[Records for this exercise]

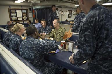 | Keywords: CNO visits sailors 131128-N-WL435-563.jpg en Chief of Naval Operations Adm Jonathan Greenert has lunch with sailors aboard the guided-missile cruiser USS Gettysburg CG 64 after an all-hands call with Master Chief Petty Officer of the Navy Mike Stevens on Thanksgiving Day Greenert and Stevens wanted to spend time with members of their Navy-Marine Corps family during the Thanksgiving holiday period to show their support and appreciation for the many men and women who serve in the military U S Navy photo by Chief Mass Communication Specialist Peter D Lawlor/Released 2013-11-28 Petty Officer 1st Class Peter Lawlor https //www dvidshub net/image/1064377 131128-N-WL435-563 2013-12-02 23 17 GULF OF OMAN AT SEA PD-USGov-Military-Navy Jonathan W Greenert in 2013 USS Gettysburg CG-64 Images from DoD uploaded by Fæ |
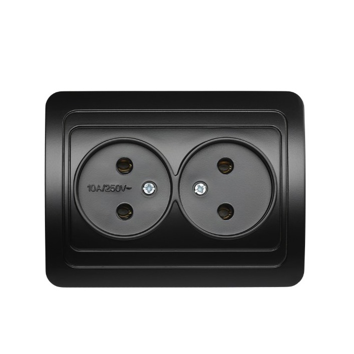 Розетка двойная одноместная без заземления 10А черная, "Марс" (SBE-02b-10-S2-N-c)
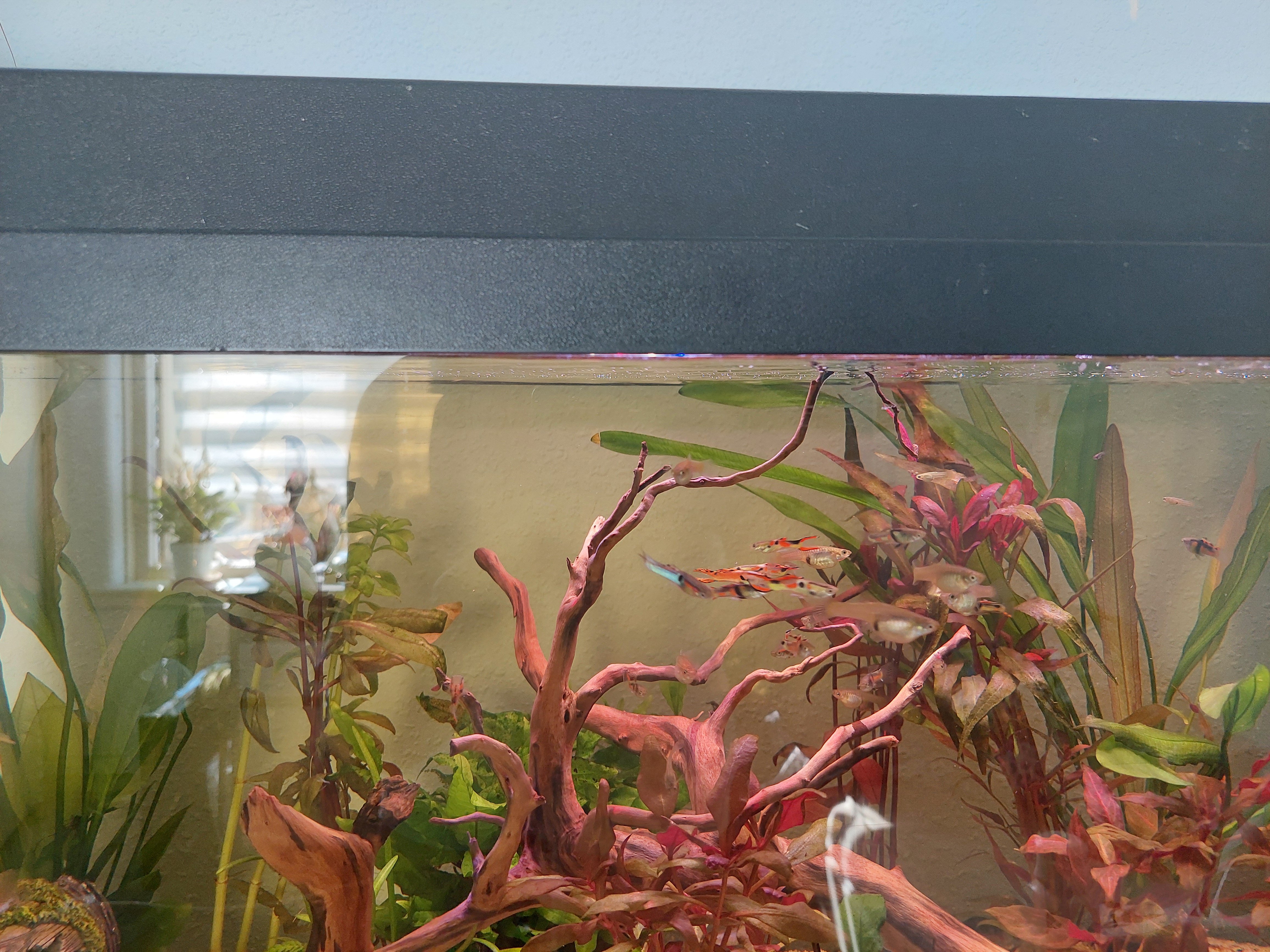 - ik heb onder anderen: 2 regenbooghaaien, 1 L144 pleco, een schooltje endlera guppies, 2 antennebaarsjes (die beide ook schimmel stipjes hebben, de verkoper had aan mij verteld dat dit normaal is bij dit soort en dat dit niet de rest van de vissen zal aanraken, toch behandel ik de water elke 2 weken met de anti schimmel en wittestip medicijn, dit lijkt niet te helpen voor de baarsjes, maar de andere vissen hebben tot nu toe nog steeds geen verschijnselen van), 3 (nu maar twee nog) corydora’s en een paar cherry garnaaltjes.
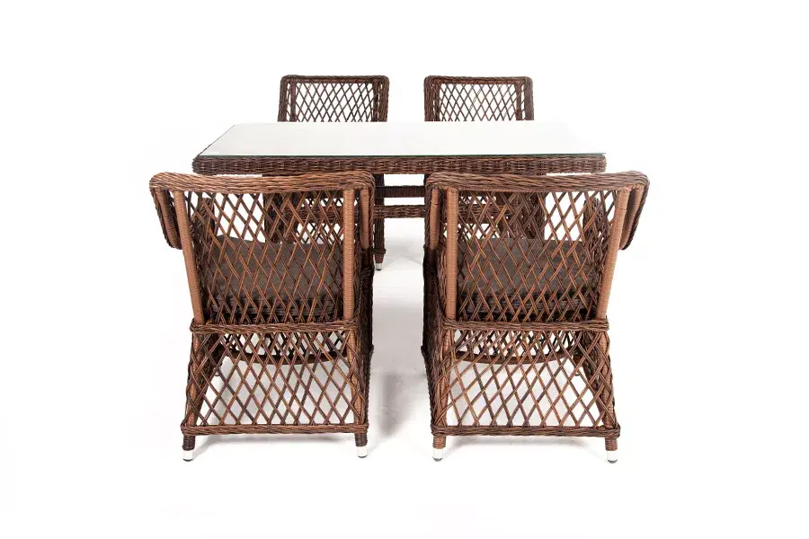 Каркас произведен из прочного алюминия, оплетка которого, выполнена вручную ротангом коричневого цвета. Поверхность защищает стеклянная столешница, толщиной 5 мм.
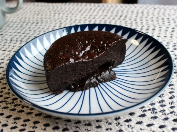 ガトーショコラは電子レンジで30秒温めてみるとまた違ったおいしさが! 中央の生チョコレートがとろりと溶けだし、表面もつやつやに。濃厚なチョコレートがよりガツンとくる、ホットスイーツになりました。これからの季節にぴったりです。
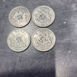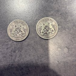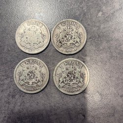 5 öringar från Sverige, präglade år 1916, 1920, 1923, 1926. Framsidan visar valören ”5 FEM ÖRE” och baksidan har texten ”FÖR FOSTERLANDET MED FOLKET.

[/Records for this exercise]

- Problem requirements -
Your answer should be the lines from the line containing "- ik heb onder" through the end of the listing above, output exactly and alone, without the pictures.

- Exercise response -
 - ik heb onder anderen: 2 regenbooghaaien, 1 L144 pleco, een schooltje endlera guppies, 2 antennebaarsjes (die beide ook schimmel stipjes hebben, de verkoper had aan mij verteld dat dit normaal is bij dit soort en dat dit niet de rest van de vissen zal aanraken, toch behandel ik de water elke 2 weken met de anti schimmel en wittestip medicijn, dit lijkt niet te helpen voor de baarsjes, maar de andere vissen hebben tot nu toe nog steeds geen verschijnselen van), 3 (nu maar twee nog) corydora’s en een paar cherry garnaaltjes.
 Каркас произведен из прочного алюминия, оплетка которого, выполнена вручную ротангом коричневого цвета. Поверхность защищает стеклянная столешница, толщиной 5 мм.
 ガトーショコラは電子レンジで30秒温めてみるとまた違ったおいしさが! 中央の生チョコレートがとろりと溶けだし、表面もつやつやに。濃厚なチョコレートがよりガツンとくる、ホットスイーツになりました。これからの季節にぴったりです。
 5 öringar från Sverige, präglade år 1916, 1920, 1923, 1926. Framsidan visar valören ”5 FEM ÖRE” och baksidan har texten ”FÖR FOSTERLANDET MED FOLKET.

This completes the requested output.